CNVoyant requires ClinVar, conservation scores, functional region boundaries, gnomAD SV, and a GRCh38 reference genome to annotate inputted CNVs. To download these resources, a dependency directory must be specified and passed to the build_all method of the DependencyBuilder object.

from CNVoyant import DependencyBuilder

data_dir = '/path/to/cnvoyant_dependencies'
db = DependencyBuilder(data_dir)
db.build_all()

Build Features

CNVoyant features must be generated before predictions can be generated. Features can be generated by calling the get_features method from the FeatureBuilder object.

import pandas as pd
from CNVoyant import FeatureBuilder

# Create sample data
cnv_df = pd.DataFrame({
  'CHROMOSOME': ['chr1','chr2','chr3','chr4','chr3'],
  'START': [100000, 100000, 100000, 100000, 179197182],
  'END': [200000, 200000, 200000, 200000, 179236784],
  'CHANGE': ['DEL','DEL','DUP','DUP','DEL']
})

# Intialize CNVoyant FeatureBuilder instance
fb = FeatureBuilder(variant_df = cnv_df, data_dir = data_dir)

# Generate features
fb.get_features()

Generate Predictions

Pretrained models are available to generate predictions. Predictions can be generated by calling the predict method from the Classifier object.

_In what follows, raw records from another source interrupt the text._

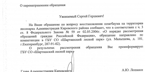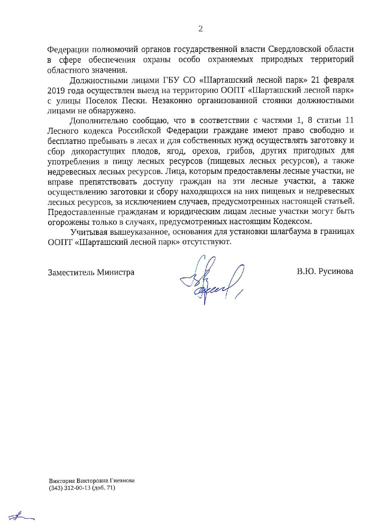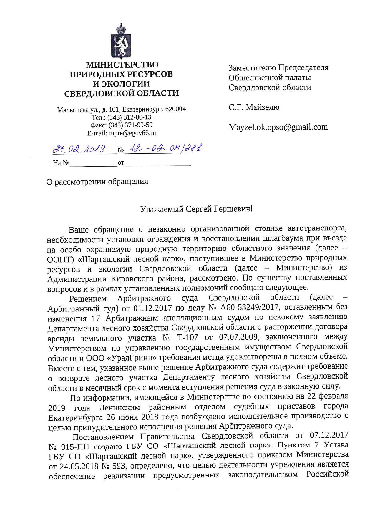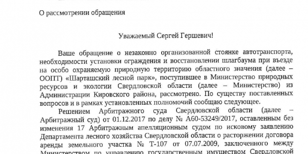 Номер жалобы:48501 Тип жалобы:Прочее Название объекта:ГКУ СО Верх-Исетское лесничество Регион:Свердловская область Город:Екатеринбург Адрес:Посёлок Пески, 13а Описание жалобы:Пляжным комплексом «SunDali» на территории Шарташского лесопарка незаконно организована стоянка автотранспорта. Необходимо установить ограждения, препятствующие заезду автотранспорта на территорию лесопарка с улицы Посёлок Пески, а также восстановить шлагбаум на грунтовой дороге в месте с координатами 56.845594° N, 60.700555° E. Статус:
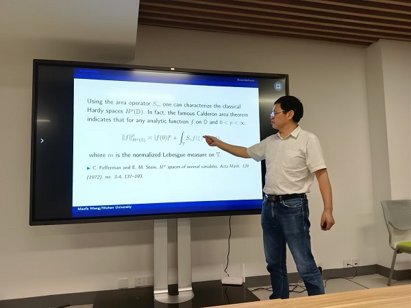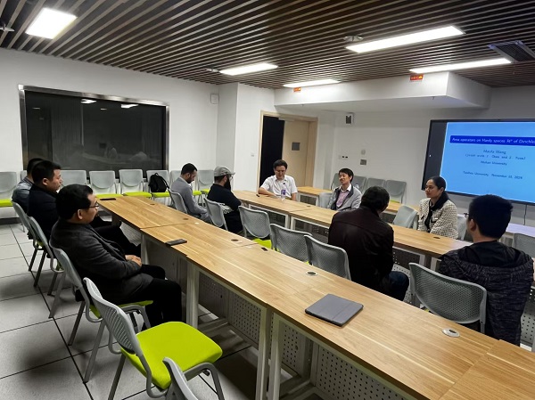 王茂发教授首先介绍了Dirichlet级数空间的研究背景和面积算子的研究现状。随后重点讲解了他们课题组在Dirichlet级数Hardy空间上面积算子的有界性结果研究,并将研究成果应用到Volterra型积分算子的有界性刻画上。王茂发教授的报告深入浅出,不仅了介绍了他们课题组科研工作的前沿进展,也激发了在场数学年轻教师对科研工作的热情。报告后王教授耐心回答了老师们的提问,现场老师也与王茂发教授就一些基础数学中的热点问题进行了深入交流。
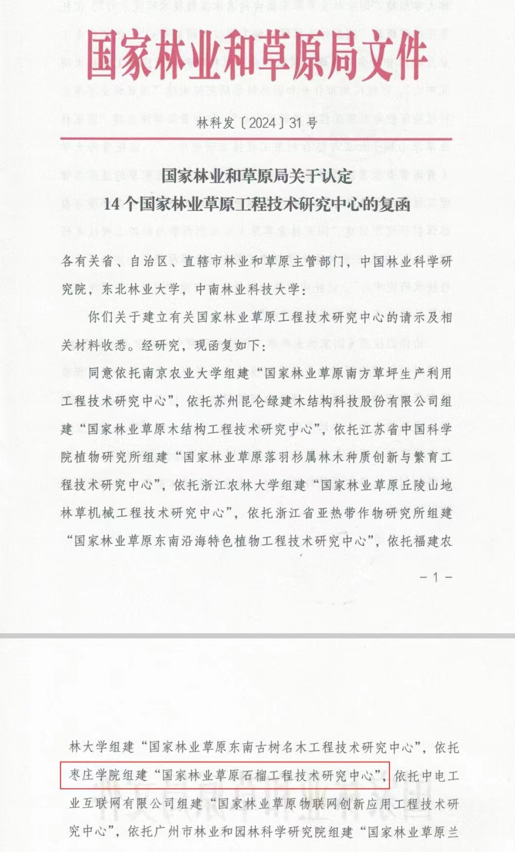 近日,国家林业和草原局发布《关于认定14个国家林业草原工程技术研究中心的复函》(林科发〔2024〕31号),依托公司组建的“国家林业草原石榴工程技术研究中心”获批。
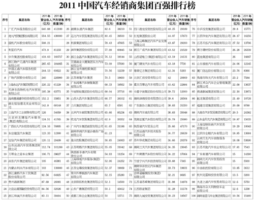 2011中國(guó)汽車流通行業(yè)百?gòu)?qiáng)榜發(fā)布
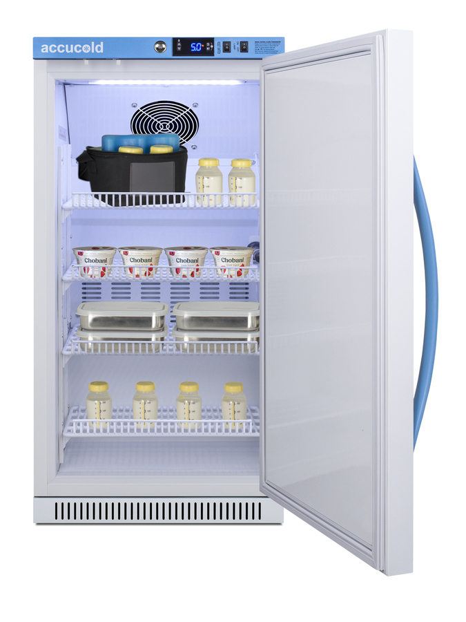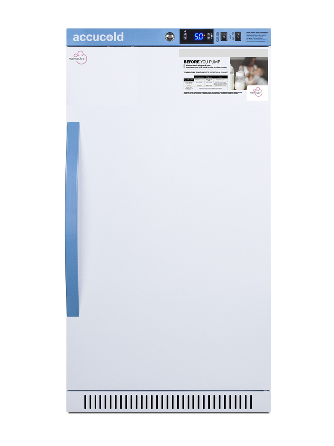 Accucold's MOMCUBE® upright all-refrigerators are designed and purpose-built for breast milk storage. All MOMCUBE® units are laboratory-tested to maintain temperature between 33-40°F, as recommended by the CDC and ideal for maternity wards, hospitals, NICUs, employee wellness rooms complying with Section 4207 of the Patient Protection and Affordable Care Act, and other facilities. The ARS32MLMCBIADA is a 2.83 cu.ft. all-refrigerator. Sized at 32" high to fit under lower counters complying with ADA guidelines for accessibility. It is designed for freestanding or recessed installation. The microprocessor temperature controller is externally located to minimize door openings, helping to protect stored contents from ambient temperature. The buffered temperature probe is encased in a glycol-filled bottle to better simulate temperature of the stored product, with an additional sensor that reads air temperature to ensure superior temperature control. The current and min/max temperature display is viewable in Celsius or Fahrenheit to the nearest tenth of a degree. The audible and visual temperature alarm sounds if the unit's interior goes out of range. Additional alarms include a power failure alert, door open alarm, and sensor failure alarm. This model is equipped with remote alarm contacts in the rear and a 1/2" probe port on the right side to accept additional monitoring devices. A hospital grade cord with 'green dot' plug is also included for added safety in high traffic areas. Inside, the ARS32MLMCBIADA utilizes adjustable cycle defrost operation to avoid temperature spikes. Optimized forced air cooling with an internal fan to ensure excellent temperature stability and uniformity with rapid recovery after door openings. The adjustable plastic-coated wire shelves can be positioned at 1/2" increments to accommodate virtually any sized item. This unit includes LED internal lighting with an on/off rocker switch. The interior is constructed from white powder coated metal to ensure added durability and better temperature retention. The ARS32MLMCBIADA comes in a white cabinet finish with a blue accented control panel. The factory-installed antimicrobial handle is powder-coated with naturally occurring silver ions, which help to reduce the spread of germs, allowing for a safer, cleaner user experience. The user-reversible door ships with a right hand swing and self-closing function, while a factory-installed lock provides security as needed, with two keys for staff use. Powerful magnetic gaskets ensure a positive seal. The MOMCUBE® is an eco-friendly solution to breast milk storage. Units of various capacity, heights, and interiors are available. Explore the entire MOMCUBE® Series on our website or contact our sales team at 718-893-3900 ext. 509 for more options.
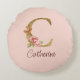 Custom Name Gold Foil Blush Pink Roses Letter C Round Cushion
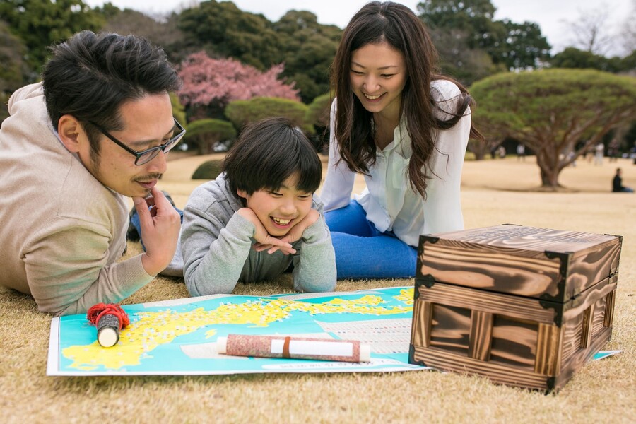 宝の地図を読み解き、実際に地域内に隠された宝箱を探す、エンターテイメント要素の強い「回遊型」の遊びです。
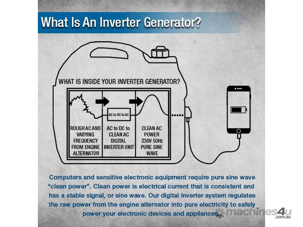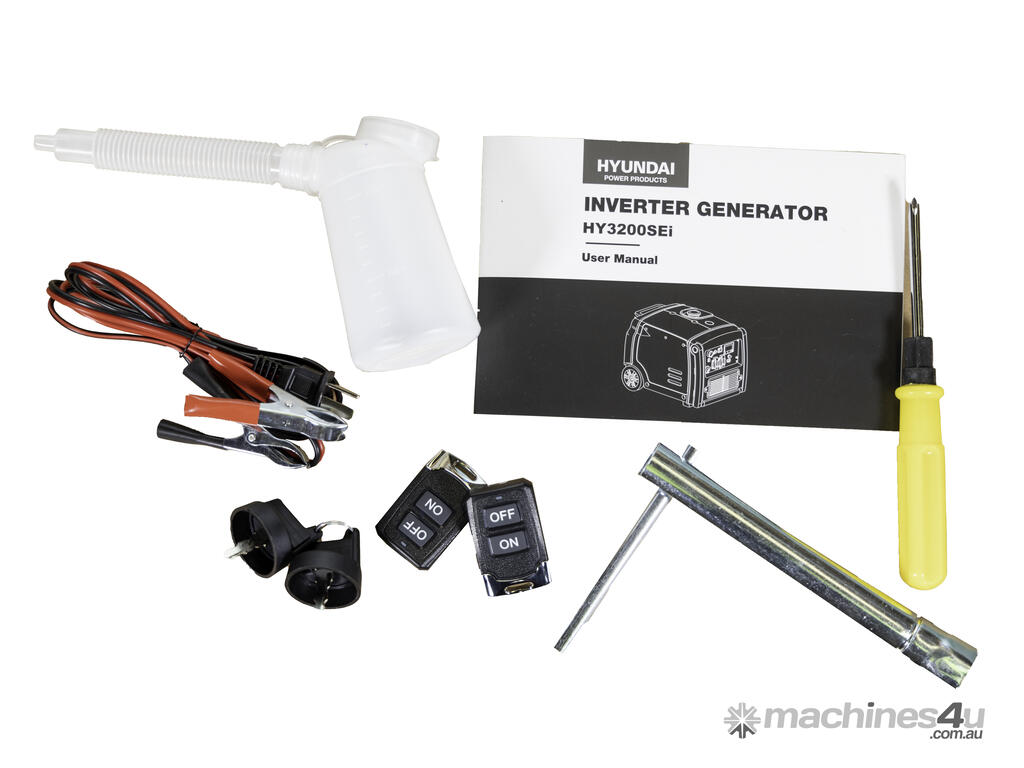 In the box you will receive the HY3200SEi Inverter Generator, 2 Remote Start Keys, 2 Manual Start Keys, 12v DC Charging Cable, Spark Plug Spanner, Oil filler Jug, Screwdriver
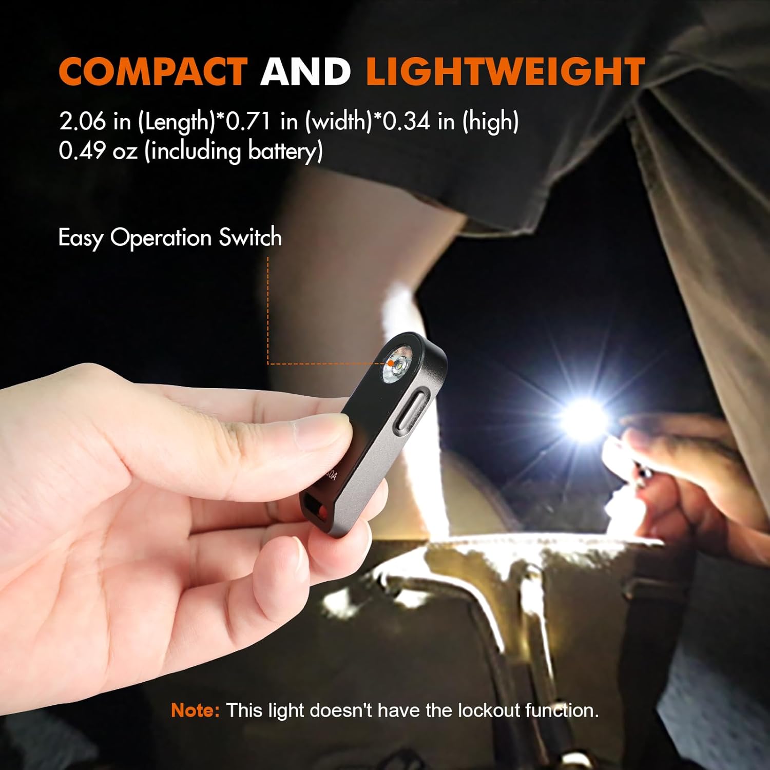 Mini and Compact: This Tiny keychain flashlight is almost unnoticeable on your keychain with the 2.06 in length and the weight of 0.49 oz
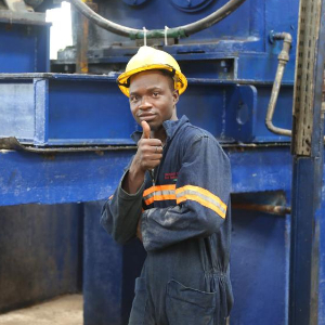2024年6月10日,在科特迪瓦南部城镇达布郊区,美兰橡胶加工厂工人在机器旁竖起大拇指。
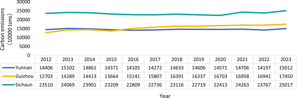 China has a vast territory, and there are significant differences in resource endowment, energy structure and economic conditions among provinces (Guan et al., 2024). The energy consumption and carbon emissions of urbanization and economic development show obvious regional characteristics according to different regions. Therefore, in the planning and implementation process of the “dual carbon” policy, it is not advisable to adopt a unified standard and generalized approach. It is extremely necessary to conduct in-depth analysis of carbon emissions in specific regions (Liu et al., 2025). The carbon emissions in Yunnan, Guizhou and Sichuan from 2012 to 2023 are shown in Figure 1.
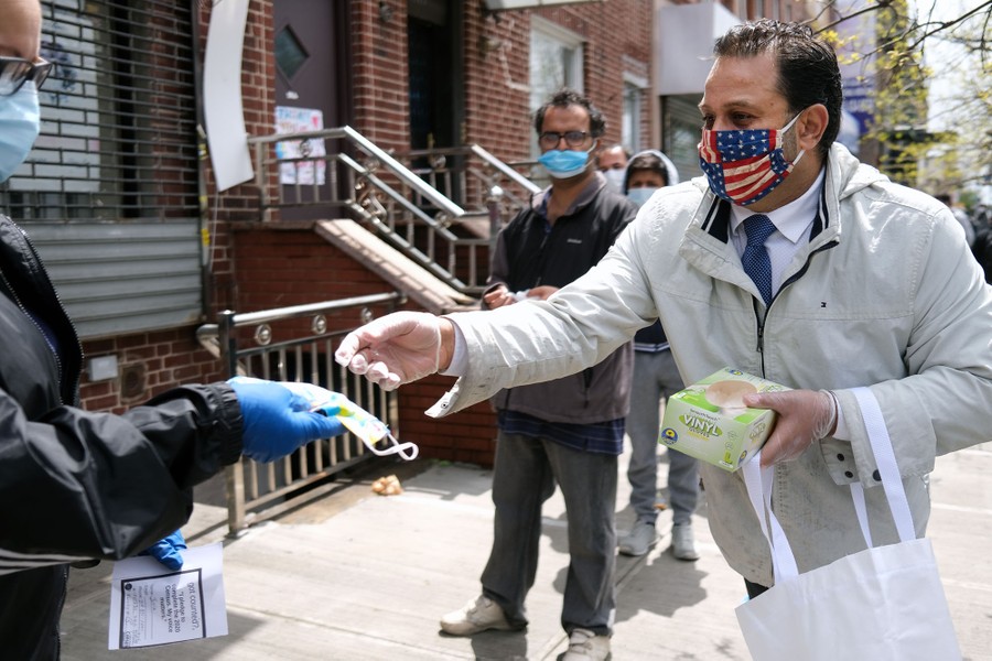 Read moreMohammad Razvi, in conjunction with the Ramadan holiday, hands out face masks and gloves at a food distribution outside of a Brooklyn mosque and cultural center in New York City on May 1, 2020. #
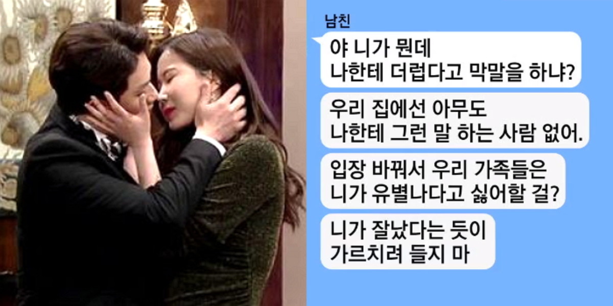 남자친구는 여성에게 유난스럽다며 "우리 가족들은 네가 유별나다고 싫어할걸? 잘났다는 듯이 가르치려 들지 마"라고 화를 냈다.
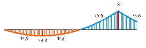 Рис. 1. Результаты расчета статически неопределимой балки:
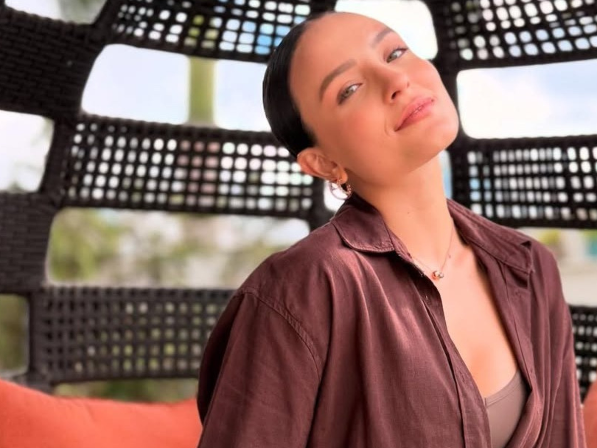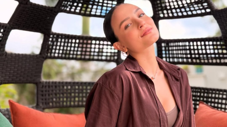 A atriz escolheu a proposta de tom sobre tom, que consiste em unir peças de diferentes tonalidades da mesma cor. Vestiu camisa com alguns botões abertos, revelando top por baixo, e calça legging.

from CNVoyant import Classifier

# Intialize CNVoyant Classifier instance
cl = Classifier(data_dir)

# Generate predictions
cnvoyant_preds = cl.predict(fb.feature_df)

Retrain CNVoyant Classifier

The CNVoyant models can be retrained to a specified set of variants, given that a label is available. Label values must be either 'Benign', 'VUS', or 'Pathogenic'. The name of the column header must be passed to the train method from the Classifier object.

from CNVoyant import FeatureBuilder, Classifier

# Sample data
cnv_train_df = pd.DataFrame({
  'CHROMOSOME': ['chr1','chr2','chr3','chr4','chr3','chr8','chr8','chr8'],
  'START': [100000,100000,100000,100000,179197182,60680919,38458191,37878455],
  'END': [200000,200000,200000,200000,179236784,60738964,38470707,38884501],
  'CHANGE': ['DUP','DEL','DUP','DUP','DEL','DEL','DUP','DUP'],
  'LABEL': ['Benign','Benign','Benign','Benign','Pathogenic','VUS','VUS','Pathogenic']
})

# Intialize CNVoyant FeatureBuilder instance
fb_train = FeatureBuilder(variant_df = cnv_train_df, data_dir = data_dir)

# Generate features
fb_train.get_features()

# Intialize CNVoyant Classifier instance
cl_retrained = Classifier(data_dir)

# Retrain models
cl_retrained.train(fb_train.feature_df, label = 'LABEL')

# Generate predictions
cnvoyant_retrained_preds = cl_retrained.predict(fb.feature_df)

Generate CNVoyant Explanations

A key feature of CNVoyant is the ability to provide reasoning behind the provided clinical significance predictions. Explanations are provided via SHAP force plots, which indicate which features drove the prediction of each class for the provided CNV.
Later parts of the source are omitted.